Anything else (definition glosses, foreign transliterations such as 蔣介石(장제스), or a syllable-count mismatch) is left untouched.

The middleware runs immediately after the engine, before HomophoneMarker and FirstOccurrenceFilter, so later stages observe the corrected reading and flags. It coalesces adjacent OutputToken::Text tokens (the streaming engine flushes non-hanja text at safe points, so (곳간) can arrive split as (곳간 then )) and buffers only a bounded amount: a held annotation, the trailing matchable suffix of the preceding text, and the following parenthetical until it can be classified. This keeps the streaming result identical to a one-shot conversion while staying responsive on long hanja-free runs. OutputToken::Open, OutputToken::Close, and OutputToken::Verbatim flush the buffer and pass through, so a match never crosses a scope boundary.

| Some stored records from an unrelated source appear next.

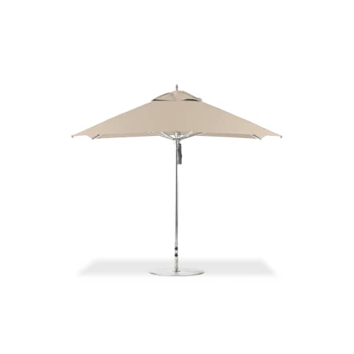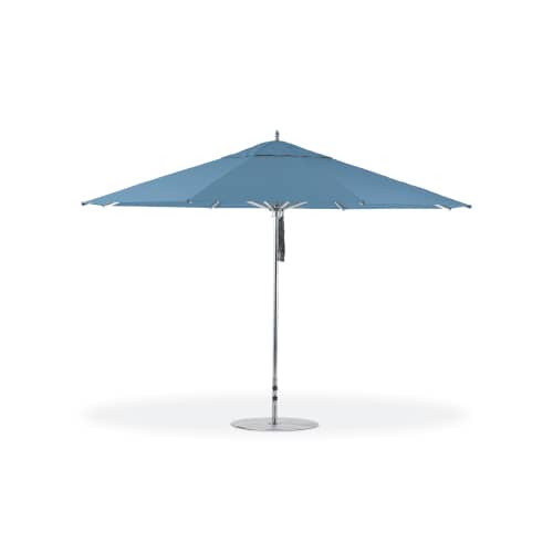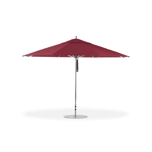 Greenwich is a stately classically-designed market umbrella engineered to retain its clean polished appearance in high-use environments such as resorts and restaurants. Its all-weather aluminum construction provides lasting durability, protection against the elements, and the strength to retain its shape year after year.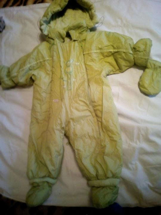 Комбез махровый, на 9 мес, с капюшоном, на рост 74см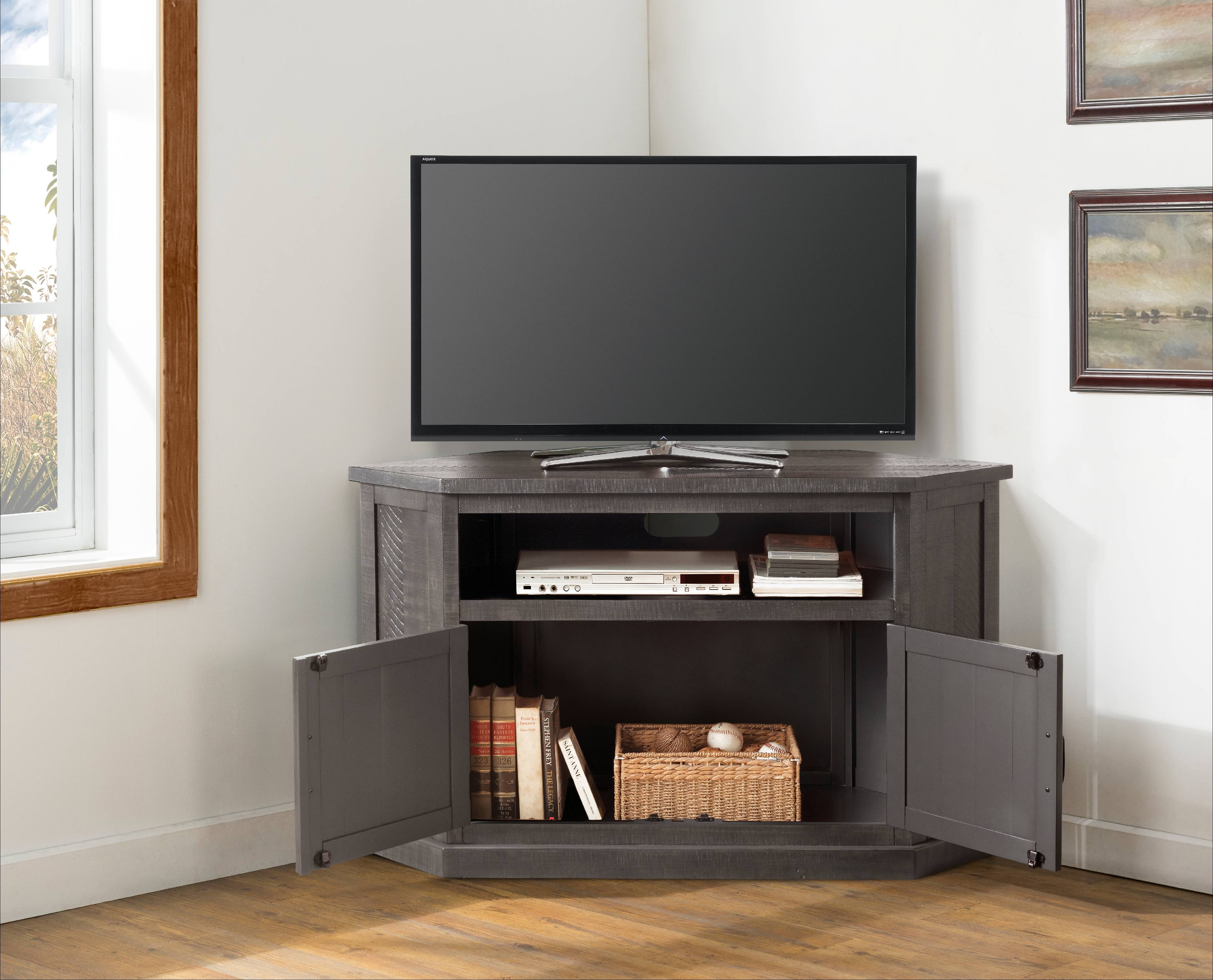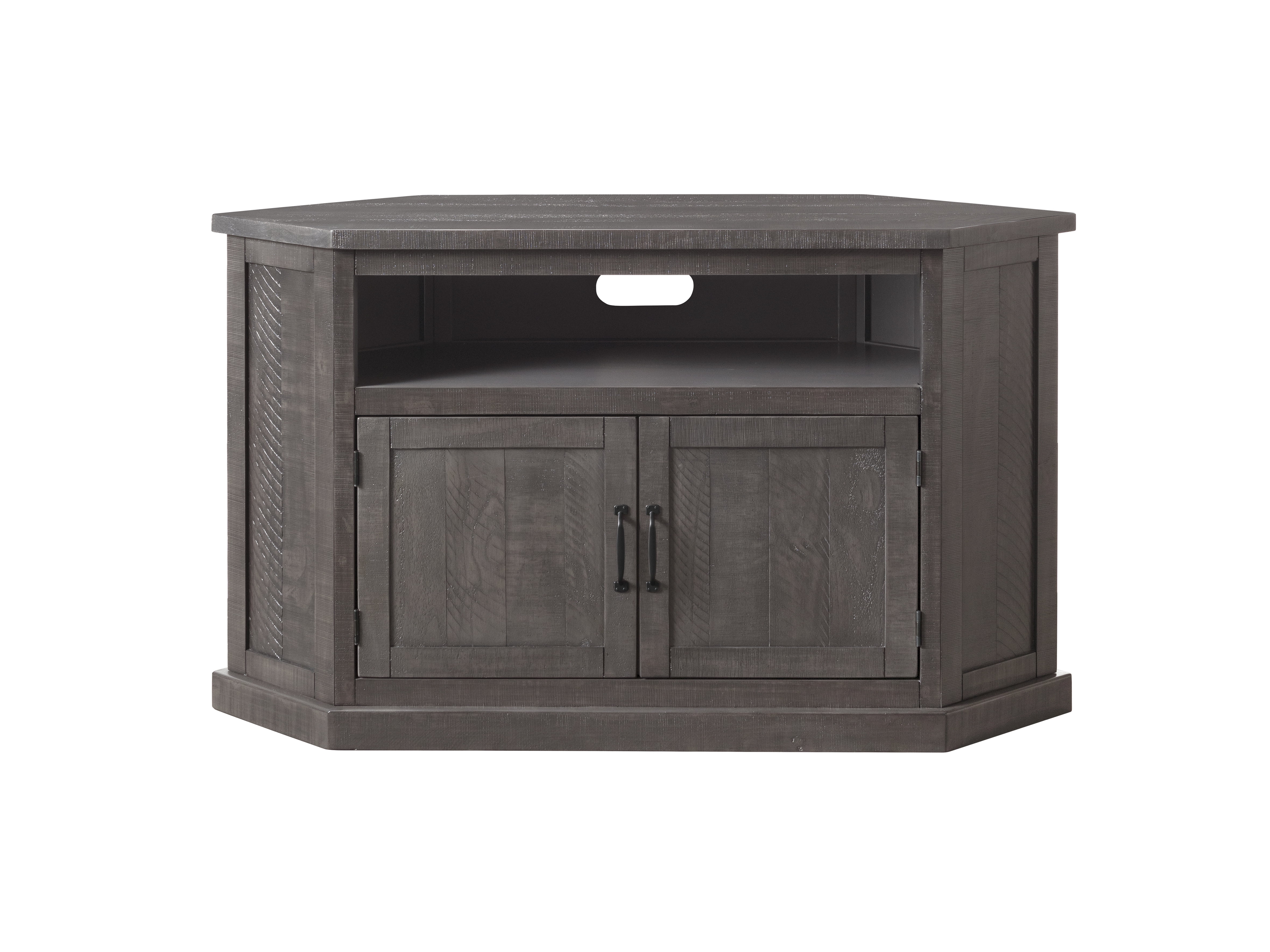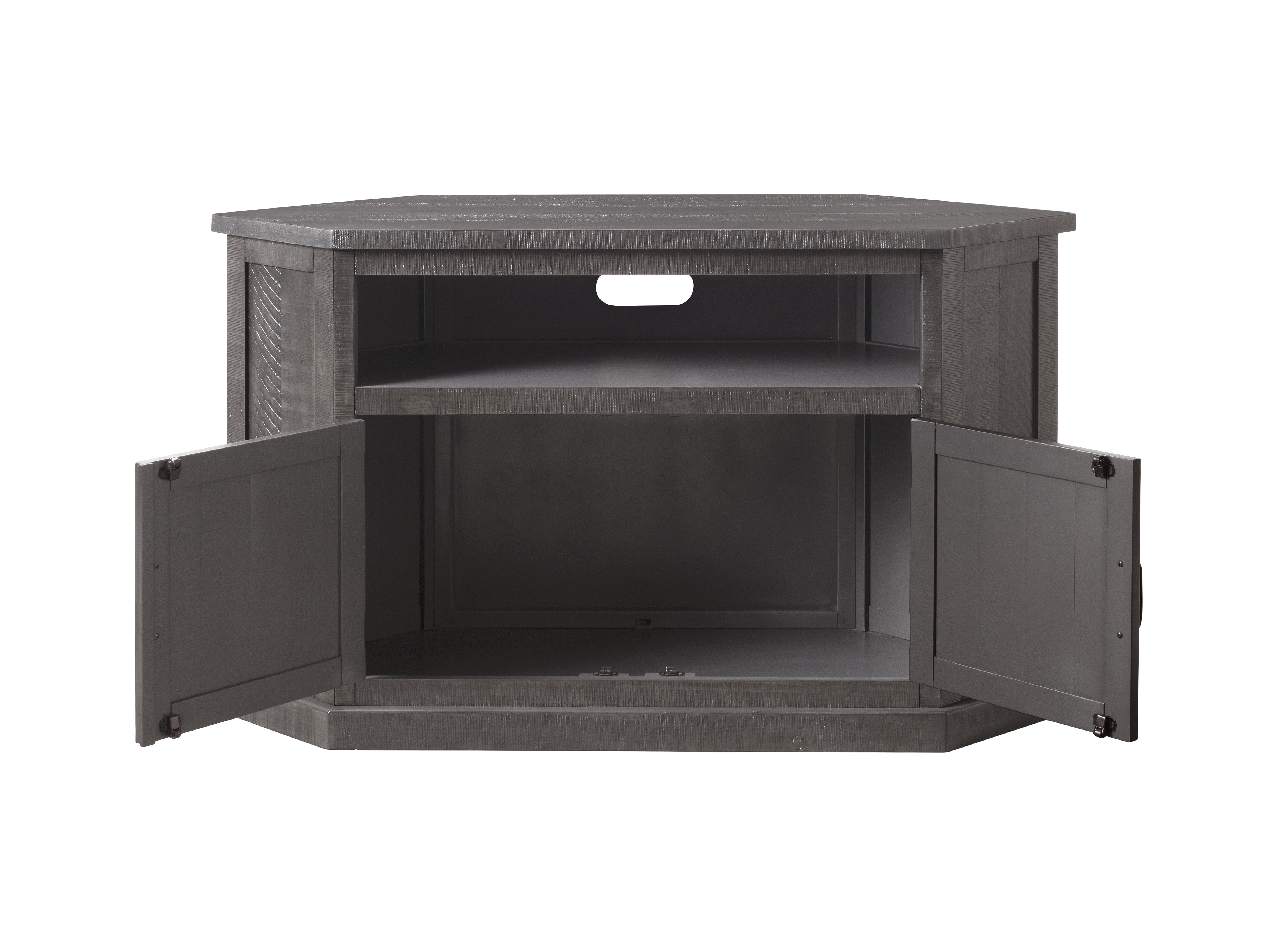 The Rustic Corner TV Stand is designed to maximize space in the living room while not compromising on function and style. Constructed from solid New Zealand Pine with rough sawn details that offers just the right amount of distressing that can blend easily with other rustic, distressed, warehouse, farmhouse or loft looks. An open cubby spans across the TV Stand and offer plenty of room for cable box, gaming systems, or a sound bar. The large cabinet design provides for versatile storage options for additional audio, video, gaming components, or other belongings. Ideal for flat panel TVs up to 55”. Custom finished black hardware. Features the Lightning Fast Assembly System which allows for easy and fast assembly. Features: Finish: Gray Constructed of solid wood – New Zealand Pine Corner TV stand design perfectly fits in the corner of the living room for extra space saving Open cubby offers plenty of room for cable box, gaming systems, or a sound bar Large cabinet design provides for versatile storage options for additional audio, video, gaming components, or other belongings Ideal for most 55″ flat panel TVs Cubby opening dimensions: 31″ W x 6.5″ H Specifications: Product Dimensions: 50″ W x 30″ H x 19″ D Surface Material: Pine Assembly details: Adult Assembly Required, No Tools Needed Furniture Subtype: Corner TV Stands Assembly Required: Yes, Features the Lightning Fast Assembly System

When enabled is false the middleware is an exact pass-through.

§Limitation

The collapser runs after the engine and never re-derives readings, so a hanja-first gloss immediately followed (with no space) by an initial-sound-law (頭音法則) character keeps the reading the engine chose with the parenthetical acting as a word boundary. For example 學(학)率 collapses to 학(學)율 rather than 학률: the engine read as word-initial because ) separated it from , and removing the gloss cannot recover the non-word-initial . This is narrow in practice; an intended compound is normally written 學率(학률). Insert a space (學(학) 率) or gloss the whole compound to control the reading.

Implementations§

Source§

impl<S> RedundantParenCollapser<S>
where S: ScopeData,

Source

pub fn new(enabled: bool) -> RedundantParenCollapser<S>

Creates a collapser. When enabled is false every token passes through unchanged.

Source

pub fn push_token(&mut self, token: OutputToken<S>) -> Vec<OutputToken<S>>

Pushes one output token and returns tokens ready for downstream stages.

Source

pub fn finish(self) -> Vec<OutputToken<S>>

Flushes buffered tokens and returns them.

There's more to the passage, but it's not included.